Symptoms of trauma and PTSD
Nightmares, flashbacks, hyper vigilance and insomnia are all typical symptoms of trauma and post traumatic stress disorder (PTSD). But while most sufferers believe that there must be something “wrong” with them, the symptoms are actually part of the human survival system.
Allow Jane to explain.
If a truck ran over our foot, we would expect it to hurt. We would spend time in hospital having the bones reset, sit for weeks in plaster or a hard boot waiting for it to heal, and then undergo a painful exercise regime to rebuild strength. It may be months or years before we would be able to walk on it again – if ever. We hope such accidents won’t happen to us, but sometimes they do, and when they do we deal with the consequences.
Symptoms of our humanity
What we often dismiss, however, is that the brain can get hurt too. If we witness or experience something devastating, ugly or horrific, it will – and should – affect us. In fact, if it didn’t affect us then there’d probably be something wrong with us. We’d be considered hardened, inhumane, a psychopath, or – at the very least – out of touch with our feelings. The symptoms of PTSD happen not because we are weak, but because we are human, seeking to survive like all human beings. Unlike other human beings, however, we have undergone ordeals no-one should ever have to face.

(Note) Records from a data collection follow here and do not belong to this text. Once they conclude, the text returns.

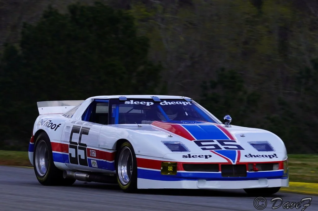 Kent Hussey, Atlanta-based Collector/Racer brought # 55, a C4 1984 IMSA Dillon tube frame chassis cloaked in a rare silhouette wide-body. It was the last Corvette built and raced by the late Dave Heinz. Sponsored and co-driven by the late Jim Truman from Columbus OH, founder of budget hotel chain Red Roof Inns. Refurbished by Ray Evernham in 2019. Corvette racing legend Johnny O’Connell was behind the wheel in SVRA Group 10.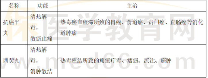 【解析】西黃丸:功能是清熱解毒,消腫散結(jié)。主治:熱毒壅結(jié)所致的癰疽疔毒、瘰疬、流注、癌腫。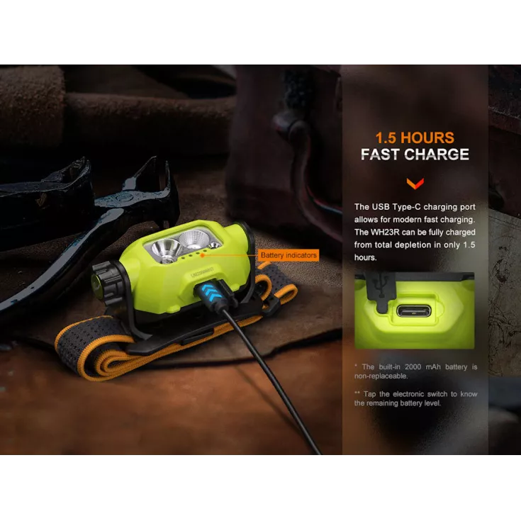 The Fenix WH23R headlamp has a maximum output of 600 lumens and a maximum beam distance of 100 meters. Powered by a built-in 2000 mAh battery, the lamp can be recharged using the USB-C charging port and fully recharged in as little as 1.5 hours.

The purpose of nightmares and flashbacks
When nightmares and flashbacks occur, the brain is trying to learn everything it possibly can from a bad experience so that it can spot the signals and keep us from ever having to undergo something like that again. But sometimes this survival system goes into overdrive and prevents us from identifying the true level of threat in front of us. In many of these cases, the brain’s natural information processing system – REM sleep – is unable to place the information into long term memory, either because we’re not sleeping, or because we wake before processing is finished.
How EMDR can help
EMDR therapy facilitates a process that is similar to REM sleep, which takes all of the information about a traumatic incident (including images, sounds, smells and body sensations), combines them into one cohesive experience and files them away into long term memory. At the end of treatment, the memories remain, but they feel firmly in the past. And, if something happens that looks, sounds, smells or feels like the original trauma, we can notice the similarity without feeling as though it is happening all over again.
As a result of this reset, EMDR therapy gives us back our uninterrupted sleep, clears out the flashbacks, and enables us – amazingly – to feel normal again.